● Work to be completed:
Extract each line of the material that follows exactly and omit its pictures.

● Data for review:
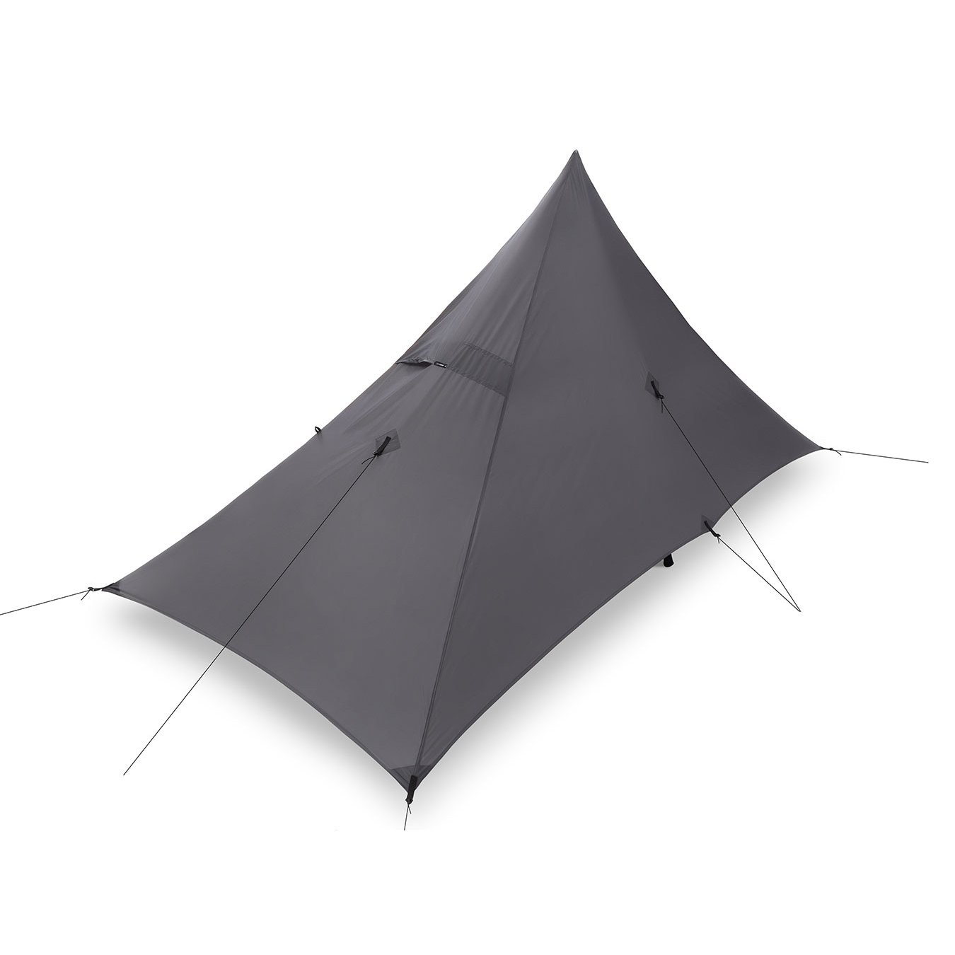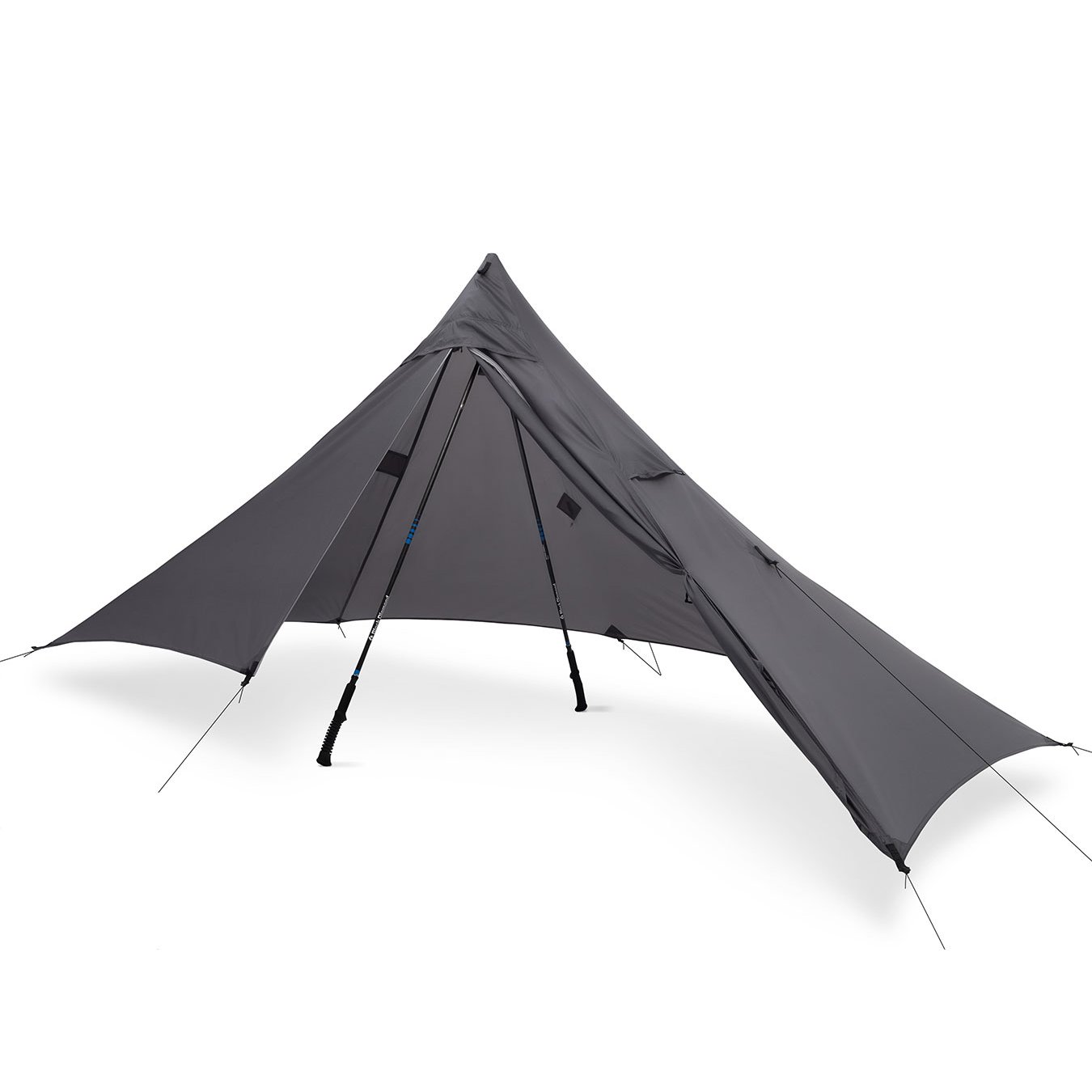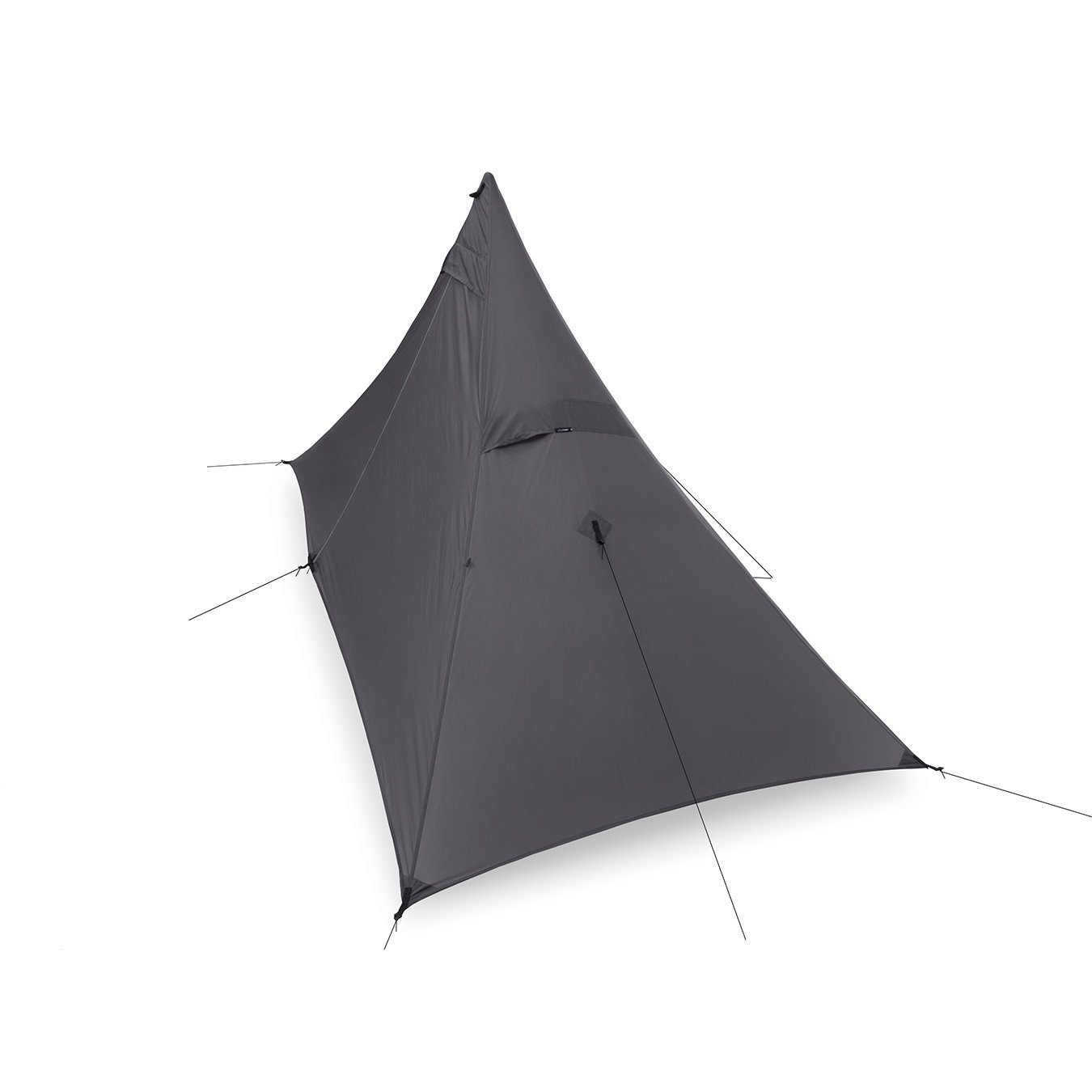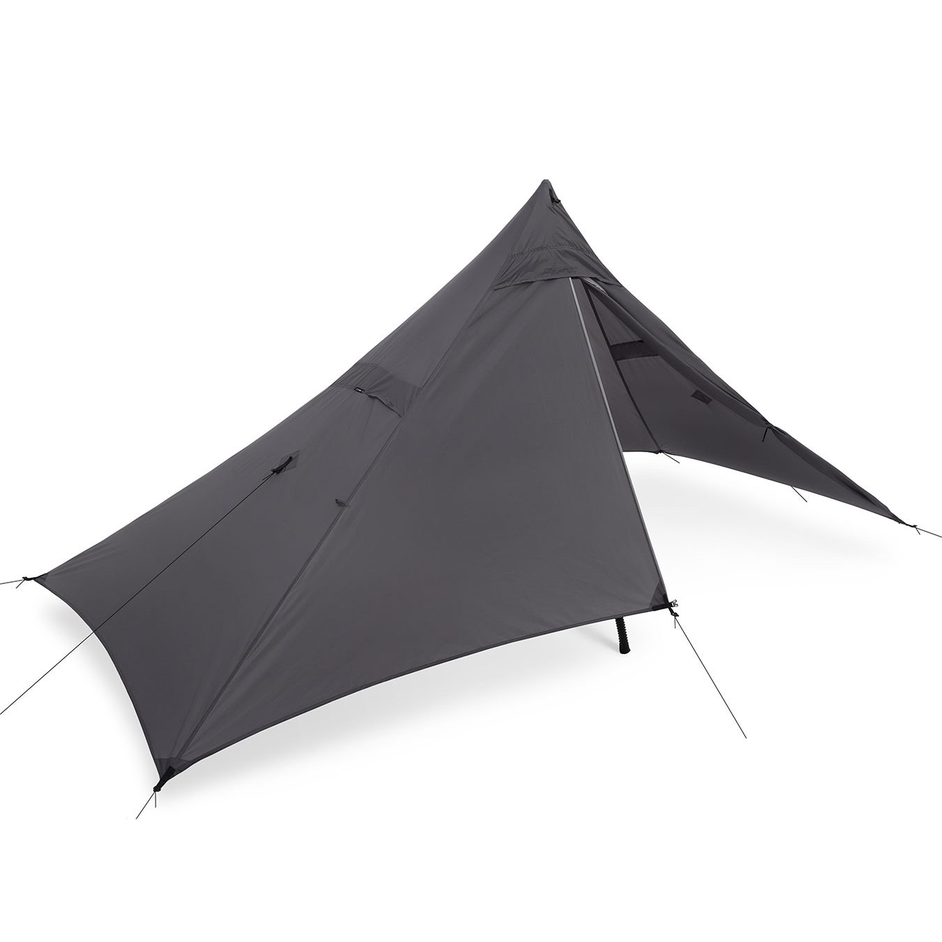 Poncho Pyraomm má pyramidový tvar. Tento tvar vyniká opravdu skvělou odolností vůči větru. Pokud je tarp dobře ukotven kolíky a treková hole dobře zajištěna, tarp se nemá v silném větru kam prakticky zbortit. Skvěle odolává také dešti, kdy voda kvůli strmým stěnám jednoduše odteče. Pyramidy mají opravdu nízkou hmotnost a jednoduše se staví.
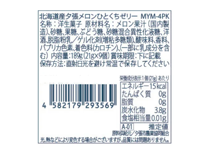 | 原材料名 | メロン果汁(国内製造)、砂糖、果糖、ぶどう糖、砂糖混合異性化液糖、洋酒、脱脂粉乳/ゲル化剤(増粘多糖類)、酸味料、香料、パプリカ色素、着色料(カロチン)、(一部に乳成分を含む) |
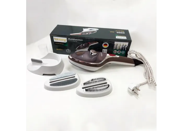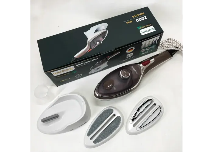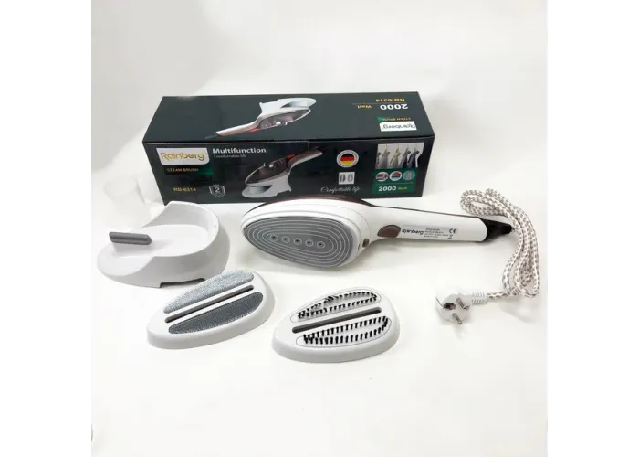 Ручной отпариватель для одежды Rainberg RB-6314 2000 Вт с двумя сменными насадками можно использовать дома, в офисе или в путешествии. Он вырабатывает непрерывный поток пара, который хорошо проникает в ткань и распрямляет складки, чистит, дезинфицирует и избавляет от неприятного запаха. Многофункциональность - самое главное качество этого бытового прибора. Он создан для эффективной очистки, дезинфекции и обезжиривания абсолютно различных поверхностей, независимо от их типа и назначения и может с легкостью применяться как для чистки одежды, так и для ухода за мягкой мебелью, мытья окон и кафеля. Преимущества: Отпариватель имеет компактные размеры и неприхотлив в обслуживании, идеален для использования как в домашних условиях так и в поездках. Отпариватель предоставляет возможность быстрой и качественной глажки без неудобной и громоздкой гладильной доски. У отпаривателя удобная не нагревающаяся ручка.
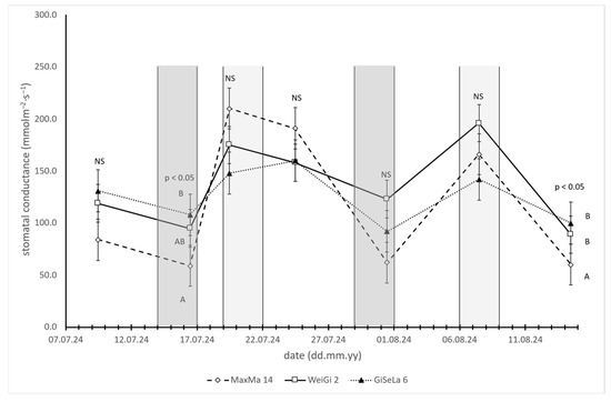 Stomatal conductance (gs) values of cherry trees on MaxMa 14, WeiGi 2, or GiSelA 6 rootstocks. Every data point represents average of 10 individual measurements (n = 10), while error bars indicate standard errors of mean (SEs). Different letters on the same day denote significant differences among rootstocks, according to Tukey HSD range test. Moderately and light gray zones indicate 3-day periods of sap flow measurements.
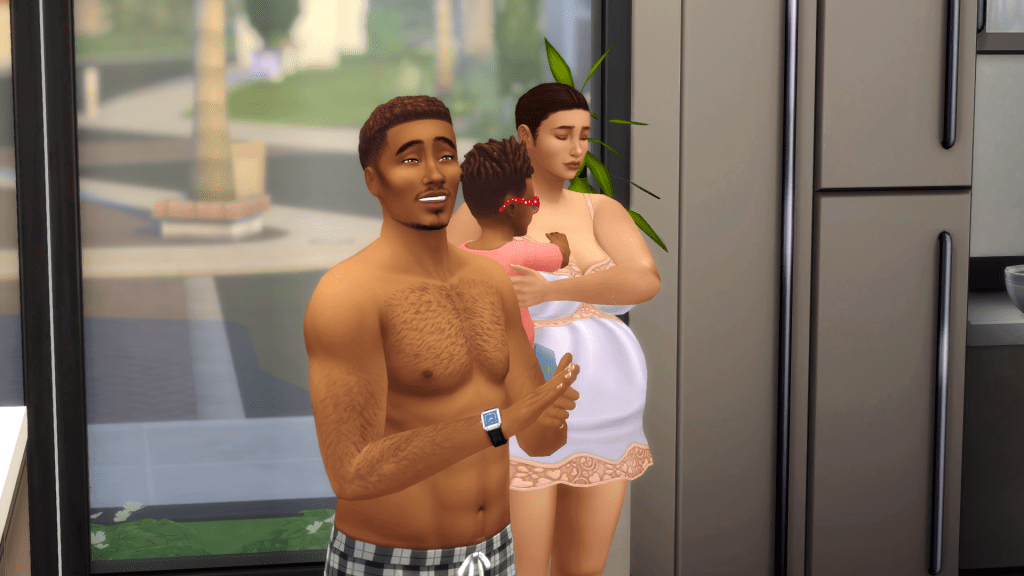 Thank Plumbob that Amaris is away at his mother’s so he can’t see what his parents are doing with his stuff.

● Output of the task:
 Poncho Pyraomm má pyramidový tvar. Tento tvar vyniká opravdu skvělou odolností vůči větru. Pokud je tarp dobře ukotven kolíky a treková hole dobře zajištěna, tarp se nemá v silném větru kam prakticky zbortit. Skvěle odolává také dešti, kdy voda kvůli strmým stěnám jednoduše odteče. Pyramidy mají opravdu nízkou hmotnost a jednoduše se staví.
 | 原材料名 | メロン果汁(国内製造)、砂糖、果糖、ぶどう糖、砂糖混合異性化液糖、洋酒、脱脂粉乳/ゲル化剤(増粘多糖類)、酸味料、香料、パプリカ色素、着色料(カロチン)、(一部に乳成分を含む) |
 Ручной отпариватель для одежды Rainberg RB-6314 2000 Вт с двумя сменными насадками можно использовать дома, в офисе или в путешествии. Он вырабатывает непрерывный поток пара, который хорошо проникает в ткань и распрямляет складки, чистит, дезинфицирует и избавляет от неприятного запаха. Многофункциональность - самое главное качество этого бытового прибора. Он создан для эффективной очистки, дезинфекции и обезжиривания абсолютно различных поверхностей, независимо от их типа и назначения и может с легкостью применяться как для чистки одежды, так и для ухода за мягкой мебелью, мытья окон и кафеля. Преимущества: Отпариватель имеет компактные размеры и неприхотлив в обслуживании, идеален для использования как в домашних условиях так и в поездках. Отпариватель предоставляет возможность быстрой и качественной глажки без неудобной и громоздкой гладильной доски. У отпаривателя удобная не нагревающаяся ручка.
 Stomatal conductance (gs) values of cherry trees on MaxMa 14, WeiGi 2, or GiSelA 6 rootstocks. Every data point represents average of 10 individual measurements (n = 10), while error bars indicate standard errors of mean (SEs). Different letters on the same day denote significant differences among rootstocks, according to Tukey HSD range test. Moderately and light gray zones indicate 3-day periods of sap flow measurements.
 Thank Plumbob that Amaris is away at his mother’s so he can’t see what his parents are doing with his stuff.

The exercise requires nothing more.